• [Instructions to follow]:
Retype the material that follows exactly, limited to the lines from the one with "Bikinitop Frufru, gelbes" through the one with "CIRCA 1990 –", and keep out all pictures.

• [Data for the task]:
——

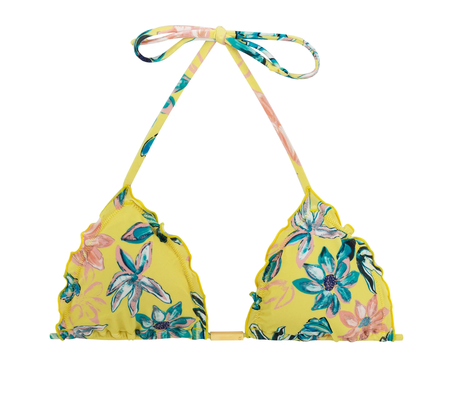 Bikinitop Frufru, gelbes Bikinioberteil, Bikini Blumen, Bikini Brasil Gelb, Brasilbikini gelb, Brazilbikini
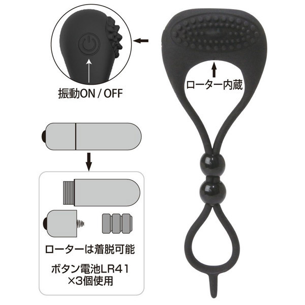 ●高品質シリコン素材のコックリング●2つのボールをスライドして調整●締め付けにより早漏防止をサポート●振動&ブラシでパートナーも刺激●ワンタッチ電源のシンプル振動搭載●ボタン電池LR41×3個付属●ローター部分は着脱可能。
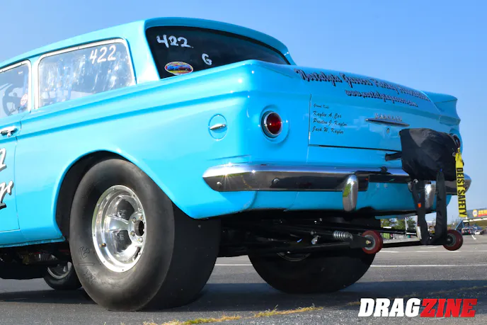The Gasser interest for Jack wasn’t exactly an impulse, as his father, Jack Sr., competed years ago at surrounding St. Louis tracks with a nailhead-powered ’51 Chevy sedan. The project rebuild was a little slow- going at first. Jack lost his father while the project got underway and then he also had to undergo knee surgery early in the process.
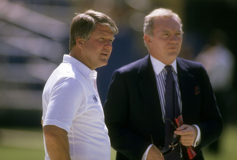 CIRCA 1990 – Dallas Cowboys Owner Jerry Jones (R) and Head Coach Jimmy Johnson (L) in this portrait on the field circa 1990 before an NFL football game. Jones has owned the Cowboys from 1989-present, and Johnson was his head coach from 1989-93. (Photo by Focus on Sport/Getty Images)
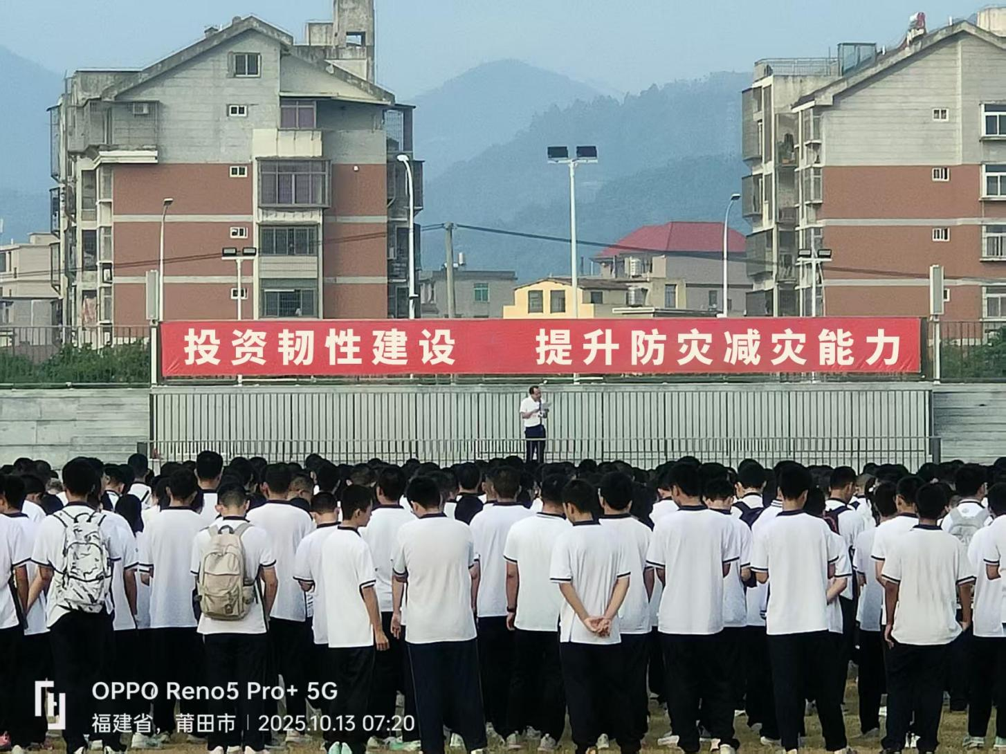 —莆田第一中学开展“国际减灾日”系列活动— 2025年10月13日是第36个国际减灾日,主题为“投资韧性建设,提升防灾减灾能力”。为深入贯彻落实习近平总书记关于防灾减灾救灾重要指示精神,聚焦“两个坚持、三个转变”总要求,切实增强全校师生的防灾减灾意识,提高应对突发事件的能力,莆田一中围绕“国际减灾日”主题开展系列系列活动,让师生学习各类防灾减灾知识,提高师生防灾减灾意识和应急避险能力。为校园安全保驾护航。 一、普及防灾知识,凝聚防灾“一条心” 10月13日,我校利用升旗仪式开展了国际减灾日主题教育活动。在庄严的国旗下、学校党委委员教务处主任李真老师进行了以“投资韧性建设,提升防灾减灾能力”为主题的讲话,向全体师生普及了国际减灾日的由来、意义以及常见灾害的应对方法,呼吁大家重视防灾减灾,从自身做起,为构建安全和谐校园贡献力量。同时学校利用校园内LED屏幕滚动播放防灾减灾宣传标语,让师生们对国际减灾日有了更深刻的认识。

——

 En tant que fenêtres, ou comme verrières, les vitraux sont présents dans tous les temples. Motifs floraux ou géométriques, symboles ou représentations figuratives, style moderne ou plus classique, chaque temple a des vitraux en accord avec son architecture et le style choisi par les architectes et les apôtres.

——

• [Completed task]:
 Bikinitop Frufru, gelbes Bikinioberteil, Bikini Blumen, Bikini Brasil Gelb, Brasilbikini gelb, Brazilbikini
 ●高品質シリコン素材のコックリング●2つのボールをスライドして調整●締め付けにより早漏防止をサポート●振動&ブラシでパートナーも刺激●ワンタッチ電源のシンプル振動搭載●ボタン電池LR41×3個付属●ローター部分は着脱可能。
The Gasser interest for Jack wasn’t exactly an impulse, as his father, Jack Sr., competed years ago at surrounding St. Louis tracks with a nailhead-powered ’51 Chevy sedan. The project rebuild was a little slow- going at first. Jack lost his father while the project got underway and then he also had to undergo knee surgery early in the process.
 CIRCA 1990 – Dallas Cowboys Owner Jerry Jones (R) and Head Coach Jimmy Johnson (L) in this portrait on the field circa 1990 before an NFL football game. Jones has owned the Cowboys from 1989-present, and Johnson was his head coach from 1989-93. (Photo by Focus on Sport/Getty Images)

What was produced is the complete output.